Por: | 26 de febrero de 2013

Perla Fuertes ojos que no ven (color2)
A veces sencillamente no queremos ver. Presentimos que no nos conviene. Hay en el ver no poco de elección. Eso no significa que no haya ocasiones en las que algo parece imponérsenos, pero incluso en tal caso cabría ver menos de lo previsto, o dar por visto menos de lo que se ve. Hasta tal extremo que para algunos ver o no ver depende en gran medida de lo que se propongan. Lo relacionan casi directamente con su decisión. Entre otras razones porque, como se sabe, ver no se reduce a la percepción por los ojos. Y del mismo modo que algunas cosas que se dicen no nos dicen nada, algunas cosas que se ven nos las vemos en absoluto.

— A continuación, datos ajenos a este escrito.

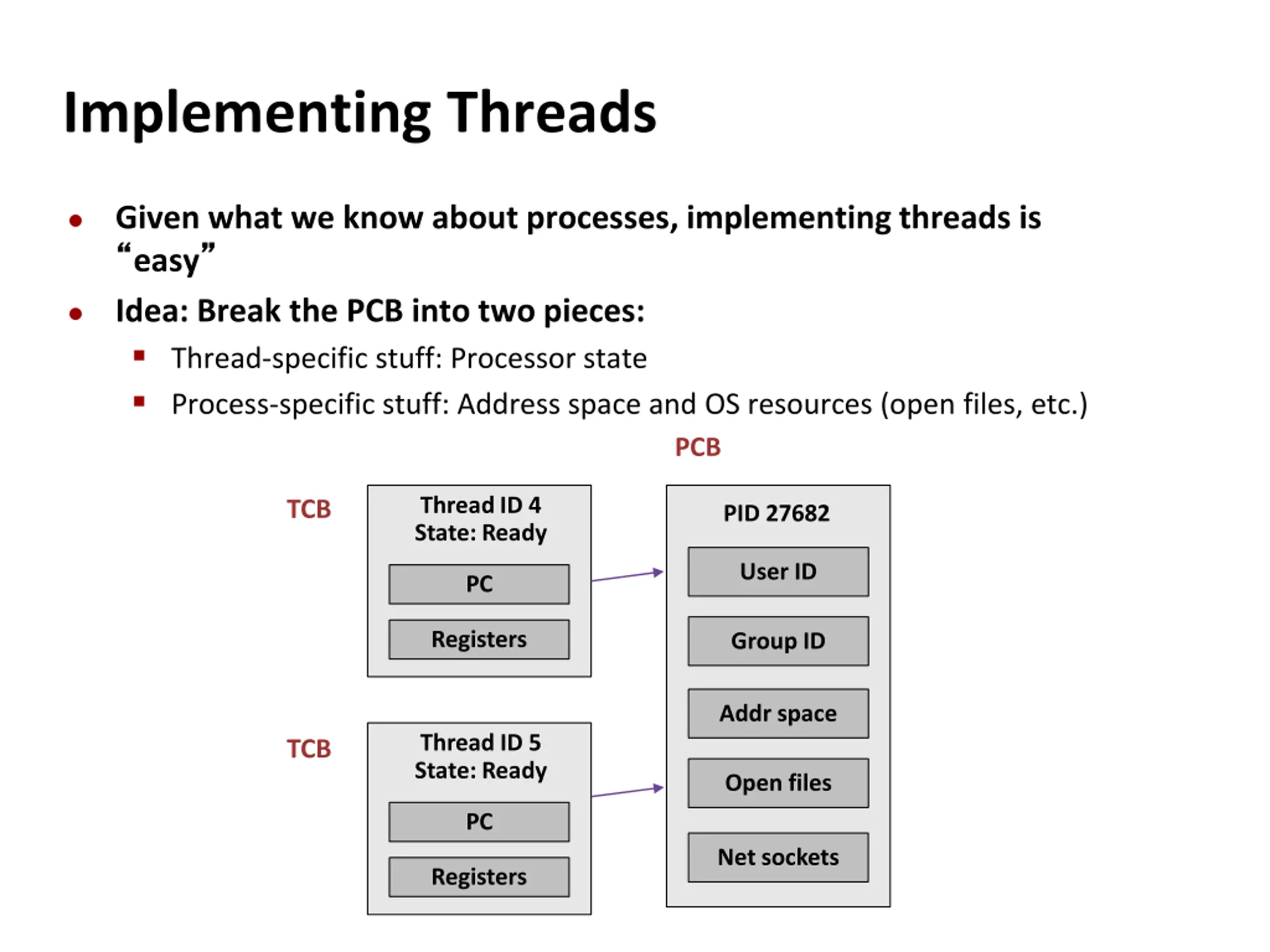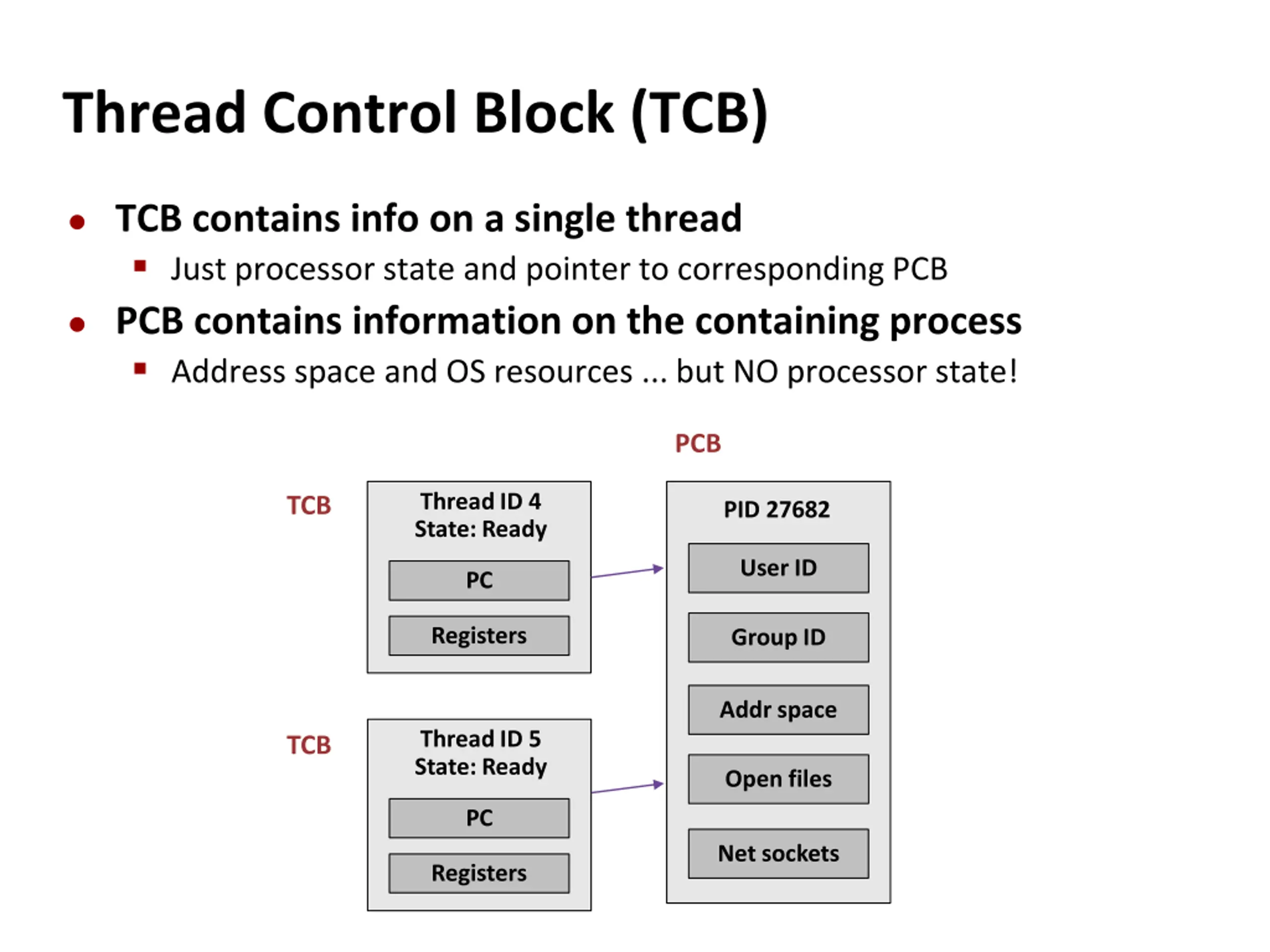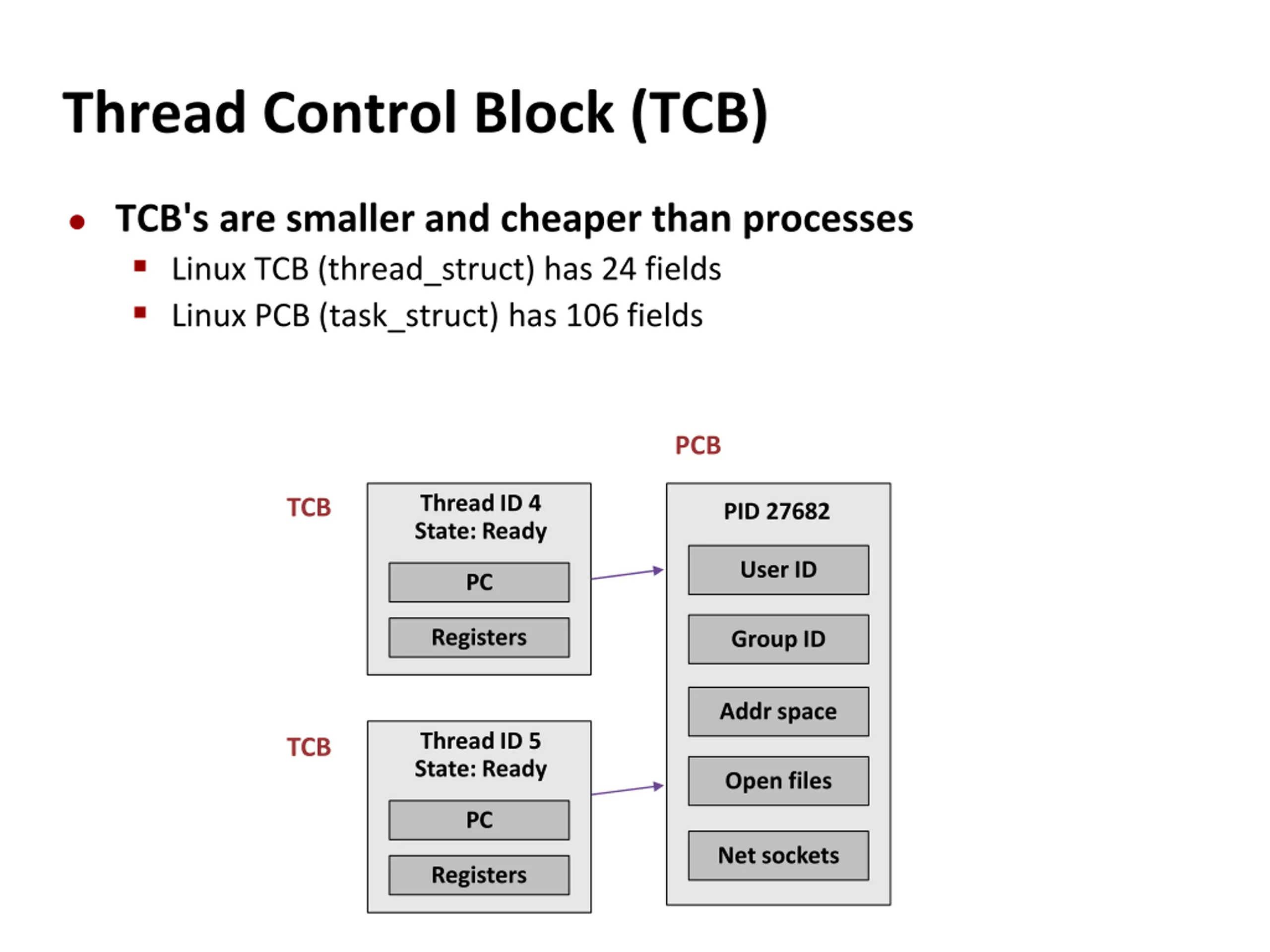 Carnegie Mellon Thread Control Block (TCB) TCB's are smaller and cheaper than processes Linux TCB (thread_struct) has 24 fields Linux PCB (task_struct) has 106 fields PCB Thread ID 4 State: Ready TCB PID 27682 User ID PC Registers Group ID Addr space Thread ID 5 State: Ready TCB Open files PC Net sockets Registers

Por eso hablamos de la mirada y no sólo del ver. Pero aún así, lo interesante es que para ver de verdad se precisa una cierta implicación, una participación, que no es sólo una respuesta a lo visto, es también un modo de configurar lo que se ve. Un testigo es mucho más que alguien que ha visto. Testimoniar y testificar no se reducen a mencionar asépticamente lo que se ve. Es cuestión de narrarlo, de describirlo, de contarlo. Y al decir, uno también se dice. Por eso un testigo se pone en juego y se le exige decir la verdad. Parecería entonces que lo mejor es no tener que ver con el asunto, para no sentirse tan afectado o tan involucrado, dado que ver en verdad significa vérselas con algo o con alguien, esto es, al menos en esa medida tener que ver con ello. De lo contrario, en rigor, ni siquiera se ve. Y tener que ver es ya una suerte de pertenencia.

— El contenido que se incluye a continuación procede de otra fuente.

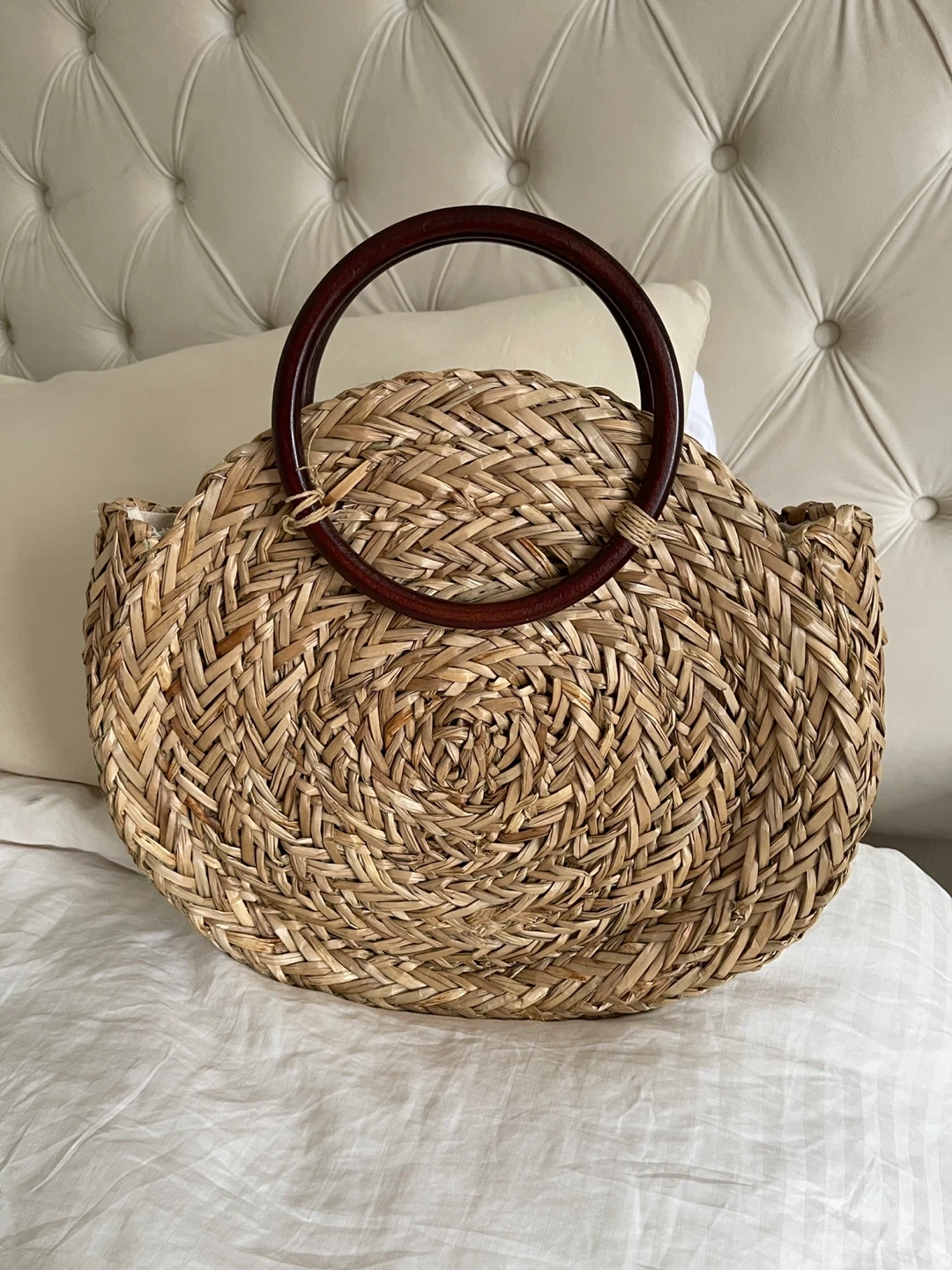 This Auxiliary straw tote bag features a woven design with round wooden handles. It has a fabric lining and an interior pocket. It's a stylish accessory for warmer days!
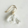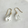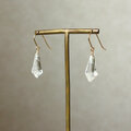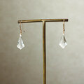 変形ダイヤカットのクリアな水晶をシンプルにピアスにしました。少し大きめの水晶には裏面にキュレットのあるファセットカットが施されています。ピアスフック、ワイヤーは14KGFを使用しています。少し大きめの石を使用していますので、サイズを5枚目の画像でご確認の上ご検討いただけましたら幸いです。
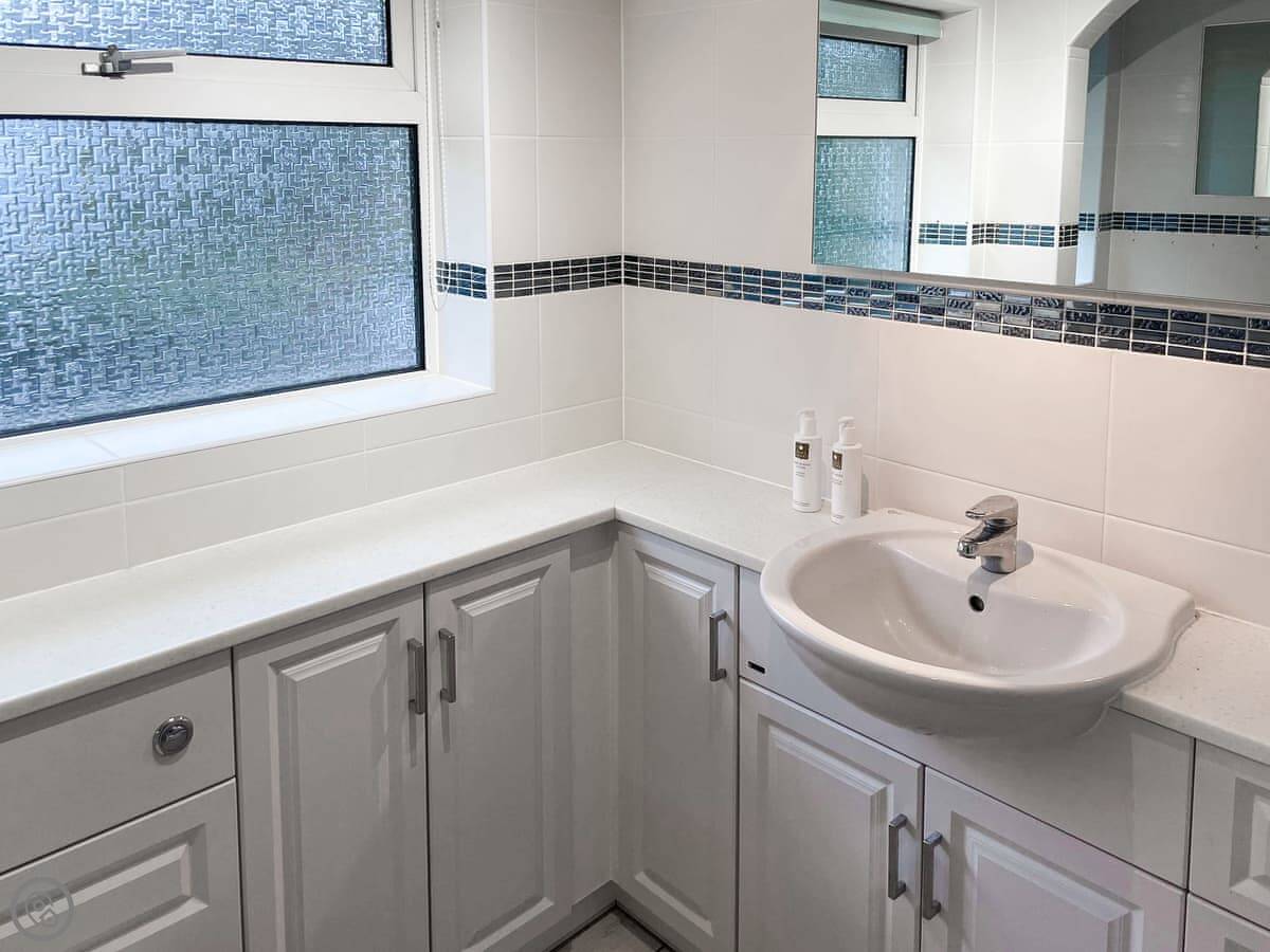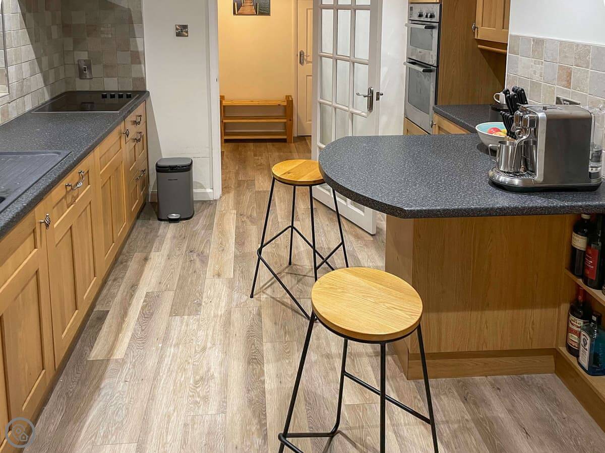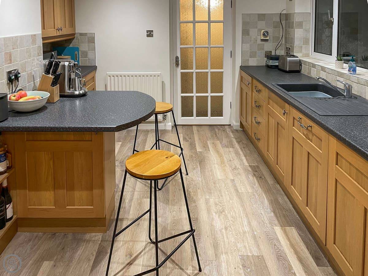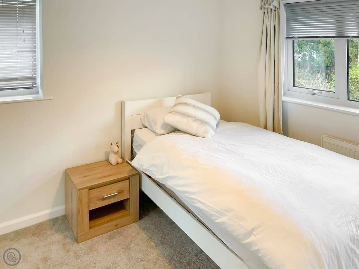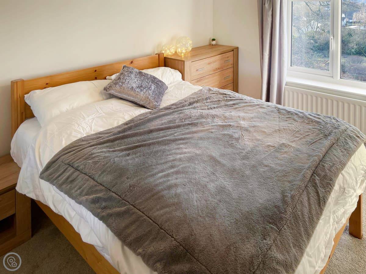 It sleeps five, in three bedrooms. Two doubles and a room with a three-quarter double bed. There are two bathrooms. One upstairs with a bath and shower, and a separate shower room downstairs. It's a 3 Star rating. It's comfortable and clean, not high-end.

No es sólo que se tenga que ver y no se vea, cuestión ésta que obedecería a ciertas precauciones, es que a veces preferiríamos no ver para no tener que haber visto, para no tener que ver con lo visto. Y de ahí todas las prevenciones que hablan del alivio de los ojos que no ven, para evitar sentimientos que indujeran a verse atañido, y más aún en la tesitura de intervenir o en la incomodidad de quien ha visto. Se trataría incluso de no ver a nadie mirar, y de ocultarnos a su vez ante su visión. No sin cierto bochorno. No saber nada es así no tener que ver. Y suele decirse.

No deja de ser significativo hasta qué punto vivimos en tiempos en que todo parece tan próximo, tan a mano, tan cerca, que no hay modo de ver cómo no sólo estamos afectados, sino concernidos. Pero la dificultad de determinadas situaciones se afronta de modo bien conocido, sencillamente no dándose por aludido, considerando que eso no nos alcanza, agradeciendo a quien corresponda que no nos haya aún arrasado, y prosiguiendo en nuestras tareas con una serenidad que más bien parecería indiferencia. Eso, en el supuesto de que efectivamente no nos encontremos abatidos y en una cierta desolación. Entonces no sería cuestión de abrir o no los ojos, ya que resultaría evidente hasta con los ojos vendados.

Seguir leyendo »

Formas de especular

Por: | 22 de febrero de 2013

Richard-estes-big_estes_telephone

Quizá todo resultaría más comprensible si recordáramos que especular significa también espiar. Hay buenas razones, no sólo etimológicas, para vincular el término con un espejo, dado que se trata de un modo de proceder semejante, como el de la relación que un objeto guarda con la imagen en él reflejada. Por eso decimos que algo es especular cuando es transparente, diáfano y cristalino. Pero no tanto como parece. Para empezar, porque especular es también extraviarse en sutilezas y en vericuetos sin base real. Y más aún, lo que resulta tan inolvidable, porque se vincula al comercio, al tráfico, a las operaciones esperanzadas en lograr beneficios de acuerdo con la variación de los precios, esto es, de procurar provecho o ganancia.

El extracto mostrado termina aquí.